Oriental argued that the typhoon warranty in the reinsurance policy was to be construed in the same way as that in the original policy and that the only sensible way in which the latter could be construed was “by reference to what would be understood by the typhoon warranty in that particular jurisdiction”. The Court of Appeal was prepared to accept that in the circumstances of this case, where the warranties in the original and reinsurance policies were in almost identical terms, where there was a follow the settlements clause and “it was common ground that there was no material difference between English law and Philippine law with respect to policy interpretation or the effect of a breach of warranty”, the two

clauses should be construed identically. However, there was no evidence adduced as to what would be understood in the Philippines by such a typhoon warranty or as to how the typhoon warranty in the original policy might be interpreted as a matter of Philippine law (which rather begs the question as to how it could have been common ground that there was no difference between English and Philippine law). Therefore the Court had to construe the clause in the reinsurance policy in accordance with its terms and in accordance with English law.

Jurisdiction and enforcement of judgments Since 2002, the Brussels Regulation has governed the jurisdiction and enforcement of judgments in European civil law matters. Concerns about aspects of the application of the Regulation led the European Commission to enter into a consultation, the result of which is a revised Regulation. The revised Brussels Regulation was published in the Official Journal of the European Union in December 2012 and will take effect from 10 January 2015.

The general rule that the courts in the EU Member State where the defendant is domiciled have jurisdiction is left unchanged. Likewise, the special jurisdiction rules remain largely unchanged.

The key changes are as follows:

> Under the Brussels Regulation, in order for an exclusive jurisdiction agreement in favour of an EU Member State to be valid, at least one of the parties has to be domiciled in an EU Member State. The revised Brussels Regulation extends its scope of application so that jurisdiction agreements in favour of courts in an EU Member State are in certain circumstances valid even if none of the parties is domiciled in an EU Member State.

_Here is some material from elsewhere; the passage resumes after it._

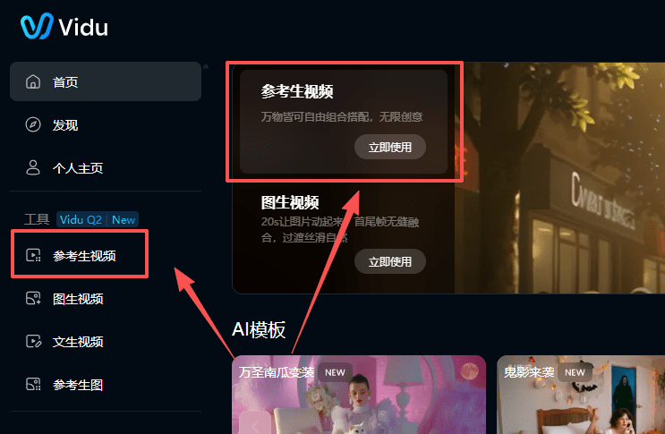 2、vidu手机端直接去你手机自带的应用商店搜索即梦下载就行电脑网页端:https://www.vidu.cn/create进入应用后,选择左侧的参考生视频

> One of the great concerns with the Brussels Regulation is the lack of flexibility in the application of the lis pendens rule. This inflexibility allowed ‘torpedo’ tactics, whereby a prospective defendant takes the pre-emptive step of commencing proceedings in an EU Member State different from the one designated in the jurisdiction clause with the aim of causing delay, to flourish. The revised Brussels Regulation attempts to halt ‘torpedo’ tactics by giving more importance to exclusive jurisdiction agreements rather than the court first seised.

> Arbitration is excluded from the scope of the Brussels Regulation. The arbitration exclusion coupled with the European Court of Justice decision in Allianz SpA v West Tankers Inc (Case C-185/07) made it possible to bring, in breach of an arbitration clause, proceedings in another EU Member State to defeat and delay the arbitration clause. The revised Brussels Regulation attempts to overcome these difficulties and problems by reinforcing and clarifying the arbitration exemption.

> Under the Brussels Regulation, a judgment creditor has, before it can enforce a judgment handed down in one EU Member State in another EU Member State, to obtain a declaration of enforceability from the enforcing EU Member State court. As this process can take several months and be costly, the revised Brussels Regulation will simplify the procedure for the recognition and enforcement of one EU Member State judgment in other EU Member States.